Вспоминаю его добрую улыбку, упрямый взгляд, характер. После его смерти во мне что-то перевернулось. Я стала смотреть на мир совсем другими глазами. Я горжусь тобой, мой муж. Цветов было море. Нежные цветы, положенные в гроб, вянут прямо на глазах.
Сашок смотрит на папу, не отрываясь, тяжело вздыхает. После прощания поехали к дому, народу очень много, человек сто пятьдесят. Пришли сослуживцы, друзья, одноклассники, директор школы, где Гена учился. На кладбище гроб несли под музыку очень медленно. Подходим к могиле. А погода стоит прекрасная, светит солнце, ещё так недавно мы гуляли вместе в парке. Говорили очень много хороших слов, сказал несколько слов и священник. В руке у каждого горела поминальная свеча.

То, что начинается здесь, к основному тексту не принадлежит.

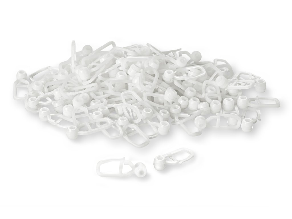 A függönyökhöz és függönyrudakhoz való fehér műanyag kampó a sínbe csúsztatható csúszkával van felszerelve. A csúszkával ellátott kampó nagyszerű futási tulajdonságokkal rendelkezik, amelyek lehetővé teszik a függöny vagy drapéria könnyű kezelését. A kampó egy szalagra van felfűzve, zárható, és ennek köszönhetően a függönnyel együtt mosható a mosógépben.

Стали прощаться. Я поцеловала последний раз своего мужа в холодный лоб и запомнила навсегда дорогие черты, все морщинки на застывшем лице. Гроб опустили в могилу, троекратный салют из автоматов дал особый караул Кремлёвского полка. Так закончилась церемония погребения. Солдаты маршем, под оркестр, прошли около могилы».
Геннадий родился в Москве 17 августа 1964 года. Отец, Николай Семёнович, работал недалеко от Рогожской заставы на знаменитом металлургическом заводе «Серп и Молот», в литейном цеху.
Фронтовик. Гвардии старший сержант. Войну встретил на западных рубежах страны, а до этого прошёл финскую кампанию. Сражался в составе 11-го Гвардейского танкового корпуса. Трижды ранен, дважды – тяжело, четыре раза горел в танке. Был отмечен орденами Отечественной войны I степени, Красной Звезды, медалью «За отвагу» и другими наградами. Войну закончил в поверженном Берлине.
Последняя запись в трудовой книжке – «вальцовщик горячего проката»; простой металлург и при этом рабочий высокой культуры и твёрдых принципов. Не пил и не курил. Жизнерадостный, подвижный. И даже в госпитале, куда Николая Семёновича привезли фактически умирать, он не мог усидеть в палате и удивлял врачей своим зарядом энергии, общительностью. Умер во сне 8 сентября 2005 года… В последний путь от Сообщества Группы «А» его провожал вице-президент Сергей Поляков.
Мама – Агриппина Дмитриевна. Труженик тыла и ветеран труда. Работала в НИИ графита на опасном производстве, в рентгенлаборатории. Сама из многодетной семьи, после войны приехала из Рязанской области, своей малой родины, на восстановление столицы, да так в Москве и осталась. Вместе с мужем она воспитала троих детей: Валерия, Нину и Геннадия.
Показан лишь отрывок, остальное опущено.